┌─ The input

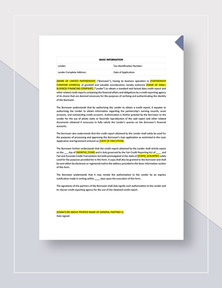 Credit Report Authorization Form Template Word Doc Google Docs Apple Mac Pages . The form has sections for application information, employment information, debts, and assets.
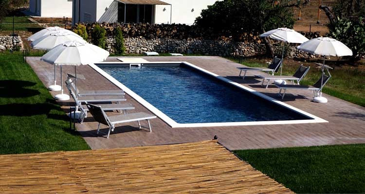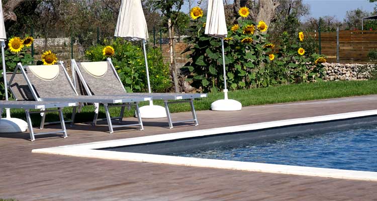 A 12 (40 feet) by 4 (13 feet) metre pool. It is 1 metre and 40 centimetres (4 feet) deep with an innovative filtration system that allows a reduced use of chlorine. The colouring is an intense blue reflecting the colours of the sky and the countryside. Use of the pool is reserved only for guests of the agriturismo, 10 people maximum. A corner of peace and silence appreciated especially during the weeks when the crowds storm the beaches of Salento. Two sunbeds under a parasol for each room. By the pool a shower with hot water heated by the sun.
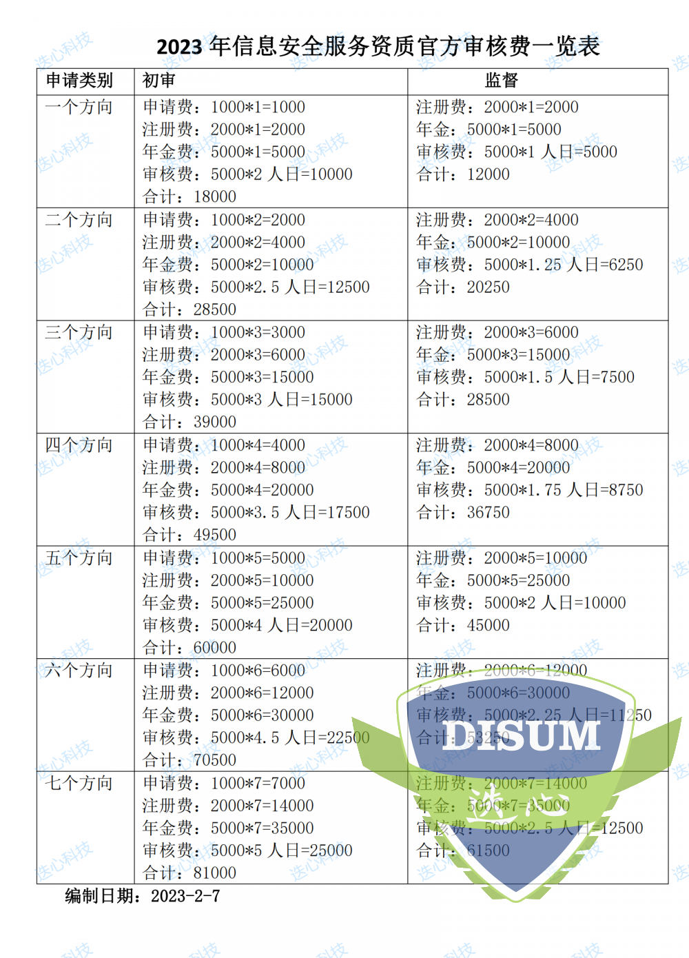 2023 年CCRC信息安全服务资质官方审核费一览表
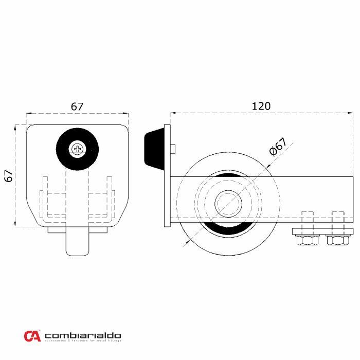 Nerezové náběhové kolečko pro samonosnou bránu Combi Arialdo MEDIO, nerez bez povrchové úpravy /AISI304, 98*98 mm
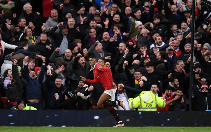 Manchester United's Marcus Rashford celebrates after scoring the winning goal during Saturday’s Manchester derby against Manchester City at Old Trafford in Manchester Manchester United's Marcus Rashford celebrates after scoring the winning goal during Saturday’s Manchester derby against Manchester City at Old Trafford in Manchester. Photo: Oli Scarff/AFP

└─

The range to print runs from the line with "A 12 (40 feet)" through the last line of the entries, both included; keep it exact and skip the pictures.

**Response area**
 A 12 (40 feet) by 4 (13 feet) metre pool. It is 1 metre and 40 centimetres (4 feet) deep with an innovative filtration system that allows a reduced use of chlorine. The colouring is an intense blue reflecting the colours of the sky and the countryside. Use of the pool is reserved only for guests of the agriturismo, 10 people maximum. A corner of peace and silence appreciated especially during the weeks when the crowds storm the beaches of Salento. Two sunbeds under a parasol for each room. By the pool a shower with hot water heated by the sun.
 2023 年CCRC信息安全服务资质官方审核费一览表
 Nerezové náběhové kolečko pro samonosnou bránu Combi Arialdo MEDIO, nerez bez povrchové úpravy /AISI304, 98*98 mm
 Manchester United's Marcus Rashford celebrates after scoring the winning goal during Saturday’s Manchester derby against Manchester City at Old Trafford in Manchester Manchester United's Marcus Rashford celebrates after scoring the winning goal during Saturday’s Manchester derby against Manchester City at Old Trafford in Manchester. Photo: Oli Scarff/AFP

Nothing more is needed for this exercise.